In this example, the single disk Disk1 is in DISABLE status, as shown in the STATUS field.
2) If the possible cause is (Cause a), restore the disk by following the procedures given in section "Disk Status Abnormality."
3) Execute the sdxfix command to recover the single volume's data.
# sdxfix -V -c Class1 -d Disk1 -v Volume1 |
4) Start the volume.
# sdxvolume -N -c Class1 -v Volume1 |
5) Access Volume1 and check its content.
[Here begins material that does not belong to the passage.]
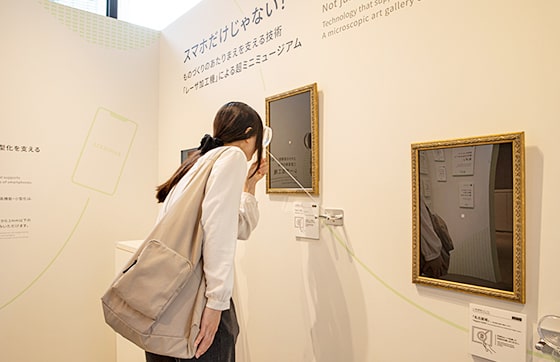 3Fの一角に突如現れたミュージアム。飾ってあるのは額縁だけ……? と思いきや、実はこれ、肉眼では見えないほどの超ミニアートなのです。ルーペで覗くと、極小サイズの銅板に「モナ・リザ」や「名古屋城」が精密に描かれているのがわかります。この精細な加工を実現しているのが、スマホの高機能・小型化を支える三菱電機のレーザ加工機。直径0.1mm以下の微細な穴を、毎秒7,000個という速さで加工できる高い技術力で、「スマホのあたりまえ」を進化させてきました。その精細で巧みな技を、ぜひ実際に鑑賞してみてください。

Restore backup data or run the fsck command to regain data integrity as necessary.
You can confirm the status of the volume as shown below.
# sdxinfo -V -o Volume1 OBJ NAME CLASS GROUP SKIP JRM 1STBLK LASTBLK BLOCKS STATUS ------ ------- ------- ------- ---- --- -------- -------- -------- -------- volume * Class1 Group1 * * 0 65535 65536 PRIVATE volume Volume1 Class1 Group1 off on 65536 17596415 17530880 INVALID |
In this example, volume Volume1 that exists in the highest level group Group1 is in INVALID status, as shown in the STATUS field.
If any of the disks related to volume is in DISABLE status, the slices consisting that volume become NOUSE status, and the volume becomes INVALID. You cannot start a volume in INVALID status.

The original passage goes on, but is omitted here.